The inability to clinically treat tumor metastasis is responsible for the majority of cancer patient
deaths. Cell migration is a pivotal step in the metastatic dissemination of cancer cells from a primary tumor to
distant organs in the body. Cell motility is governed by cell-matrix interactions, the actomyosin cytoskeleton, and
cell volume regulation via the involvement of ion transporters, such as the Na+/H+ exchanger 1 (NHE1), as
explained by the Osmotic Engine Model (OEM). The roles of cytoskeleton and ion transporters in cell locomotion
have been typically studied in isolation. The overarching goal of this project is to employ a multidisciplinary
approach involving state-of-the-art bioengineering and imaging tools, quantitative analysis and in vivo models to
define the relative roles and potential crosstalk between ion transporters and the cytoskeleton in breast cancer
cell migration and metastasis in vivo. This application will test the hypothesis, supported by intriguing preliminary
data, that the coordinated action of local isosmotic swelling at the leading edge and shrinkage at the trailing edge
mediated by NHE1 and SWELL1, respectively, supports migration in confinement. We further hypothesize that
NHE1 and SWELL1 act in concert with cell cytoskeleton to mediate efficient migration and metastasis. Given the
lack of targeted therapies for triple negative breast cancer (TNBC), we will prioritize TNBC cell lines and patient-
derived xenograft (PDX) tumor cells as models. In Aim 1, we will establish the functional roles of NHE1 and
SWELL1 in cell migration inside confining µ-channels of different stiffnesses, in 3D gels and in cell dissemination
from 3D breast cancer cell organoids.

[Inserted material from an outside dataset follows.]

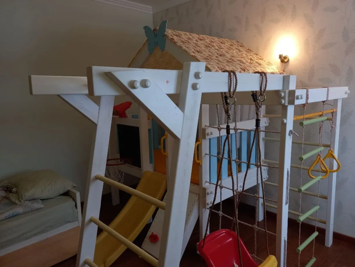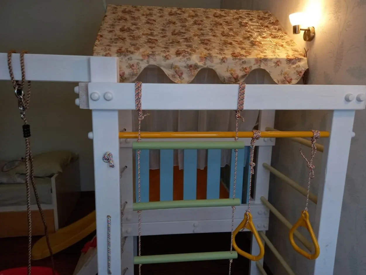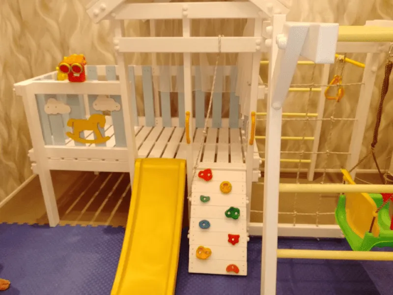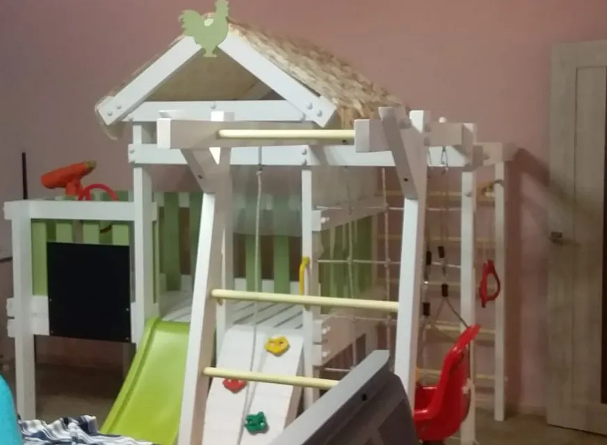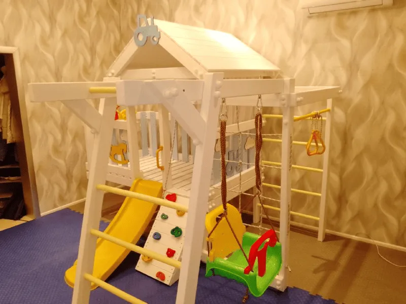 Детский комплекс «Савушка Baby - 2». Эта игровая площадка разрабатывалась нами специально для загородного дома и квартиры. Все модели компании проходят обязательную сертификацию. Комплекс интересный и безопасный для ваших детей. Гарантируем.Наши конструкторы использовали бельгийское игровое оборудование. Оно удобно для мальчиков и девочек, долговечно, а также соответствует ГОСТ.
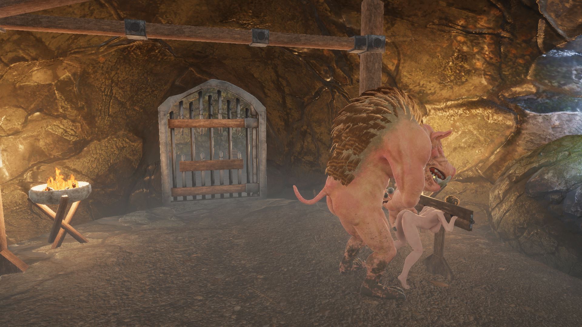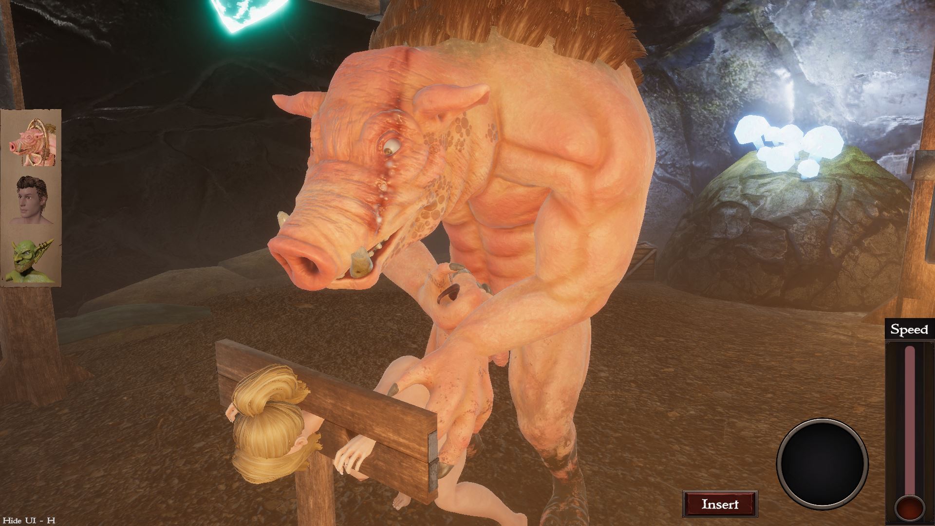 You play as one of the female slaves who were captured by monsters during their raid on your village.

We will also elucidate the mechanism responsible for the polarized
distribution of NHE1 and SWELL1 at the cell front and rear, respectively, and use novel optogenetic tools to alter
their spatial polarization and test how these alterations affect the direction and efficiency of cell migration. In
parallel, we will develop an innovative mathematical model to identify the key variables that enable OEM-
mediated cell motility. In Aim 2, we will delineate the interplay between OEM and the various cytoskeletal
constituents, including b1 integrins, myosin II, actin and microtubules. Importantly, we will define the intracellular
transport mechanisms responsible for NHE1 and SWELL1 shuttling along the longitudinal cell surface. We will
also introduce a comprehensive mathematical model to decipher the crosstalk of OEM and cytoskeletal
components in regulating migration efficiency. In Aim 3, we will demonstrate the effects of NHE1 and SWELL1
silencing on cell migration in natural mammary tissue tracks in vivo and examine their roles in breast cancer
growth and metastasis, using TNBC cell lines and PDXs orthotopically transplanted to the 4th mammary fat pad
of mice. We will complement mouse studies with experiments in zebrafish, which enables us to image its entire
vasculat...

## Key facts

- **NIH application ID:** 10977367
- **Project number:** 3R01CA254193-04S1
- **Recipient organization:** JOHNS HOPKINS UNIVERSITY
- **Principal Investigator:** Konstantinos Konstantopoulos
- **Activity code:** R01 (R01, R21, SBIR, etc.)
- **Funding institute:** NIH
- **Fiscal year:** 2024
- **Award amount:** $27,223
- **Award type:** 3
- **Project period:** 2021-02-02 → 2026-01-31

## Primary source

NIH RePORTER: https://reporter.nih.gov/project-details/10977367

## Citation

> US National Institutes of Health, RePORTER application 10977367, The interplay of ion transporters and cytoskeleton in breast cancer migration and metastasis (3R01CA254193-04S1). Retrieved via AI Analytics 2026-05-23 from https://api.ai-analytics.org/grant/nih/10977367. Licensed CC0.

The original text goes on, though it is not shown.